• **Input records**:
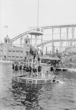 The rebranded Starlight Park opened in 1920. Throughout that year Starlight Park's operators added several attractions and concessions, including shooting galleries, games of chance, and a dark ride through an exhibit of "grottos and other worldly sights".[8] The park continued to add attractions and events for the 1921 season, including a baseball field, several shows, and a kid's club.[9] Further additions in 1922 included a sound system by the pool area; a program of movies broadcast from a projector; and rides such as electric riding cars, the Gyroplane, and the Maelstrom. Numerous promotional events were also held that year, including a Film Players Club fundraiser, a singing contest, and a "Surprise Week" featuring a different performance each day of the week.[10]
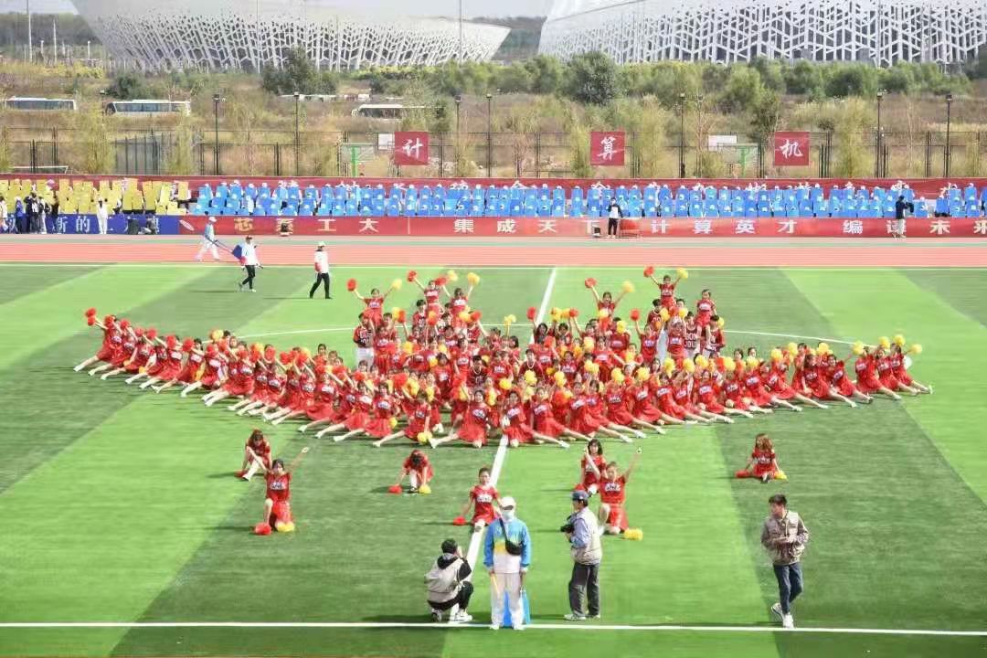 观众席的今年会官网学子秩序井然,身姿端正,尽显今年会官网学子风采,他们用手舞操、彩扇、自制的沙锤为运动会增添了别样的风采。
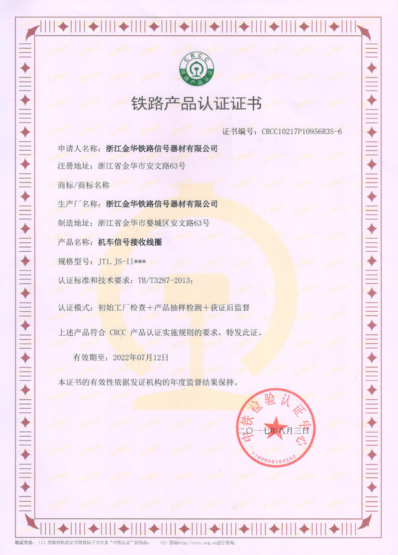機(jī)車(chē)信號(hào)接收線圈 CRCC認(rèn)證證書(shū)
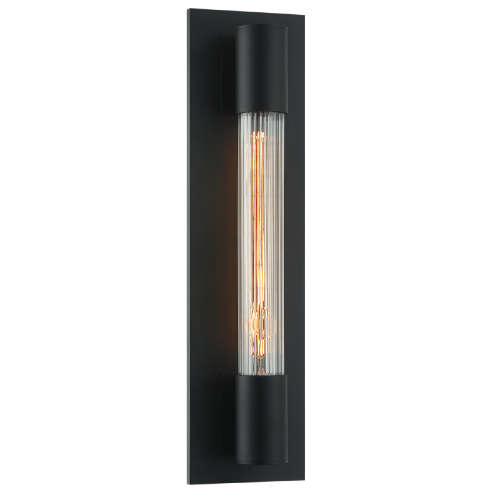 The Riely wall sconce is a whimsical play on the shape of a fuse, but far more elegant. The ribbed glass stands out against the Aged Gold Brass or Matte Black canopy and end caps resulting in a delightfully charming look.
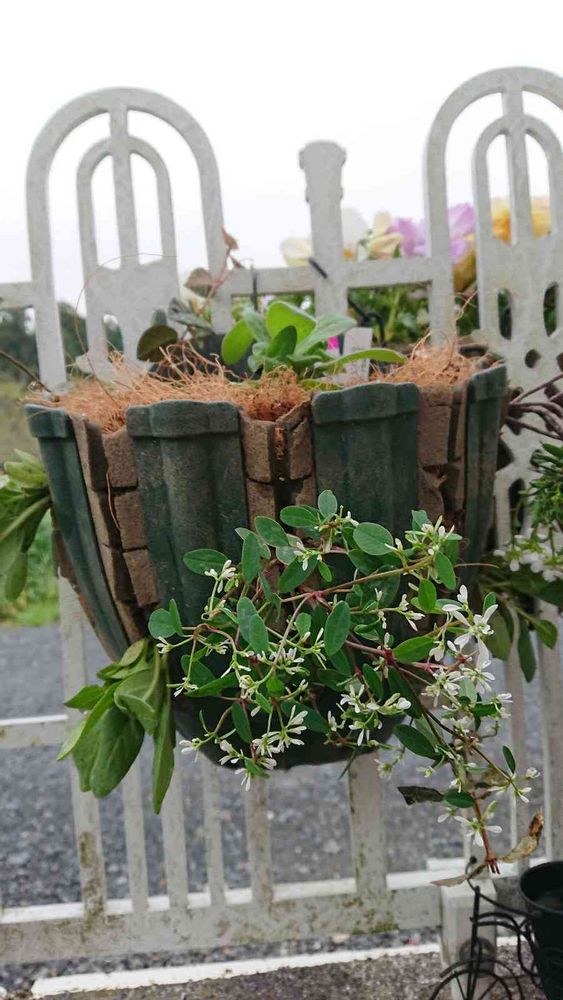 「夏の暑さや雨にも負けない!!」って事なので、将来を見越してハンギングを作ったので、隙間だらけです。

• **What the task requires**: Quote every record above exactly, leaving out any pictures.

• **Final answer**:
 The rebranded Starlight Park opened in 1920. Throughout that year Starlight Park's operators added several attractions and concessions, including shooting galleries, games of chance, and a dark ride through an exhibit of "grottos and other worldly sights".[8] The park continued to add attractions and events for the 1921 season, including a baseball field, several shows, and a kid's club.[9] Further additions in 1922 included a sound system by the pool area; a program of movies broadcast from a projector; and rides such as electric riding cars, the Gyroplane, and the Maelstrom. Numerous promotional events were also held that year, including a Film Players Club fundraiser, a singing contest, and a "Surprise Week" featuring a different performance each day of the week.[10]
 观众席的今年会官网学子秩序井然,身姿端正,尽显今年会官网学子风采,他们用手舞操、彩扇、自制的沙锤为运动会增添了别样的风采。
機(jī)車(chē)信號(hào)接收線圈 CRCC認(rèn)證證書(shū)
 The Riely wall sconce is a whimsical play on the shape of a fuse, but far more elegant. The ribbed glass stands out against the Aged Gold Brass or Matte Black canopy and end caps resulting in a delightfully charming look.
 「夏の暑さや雨にも負けない!!」って事なので、将来を見越してハンギングを作ったので、隙間だらけです。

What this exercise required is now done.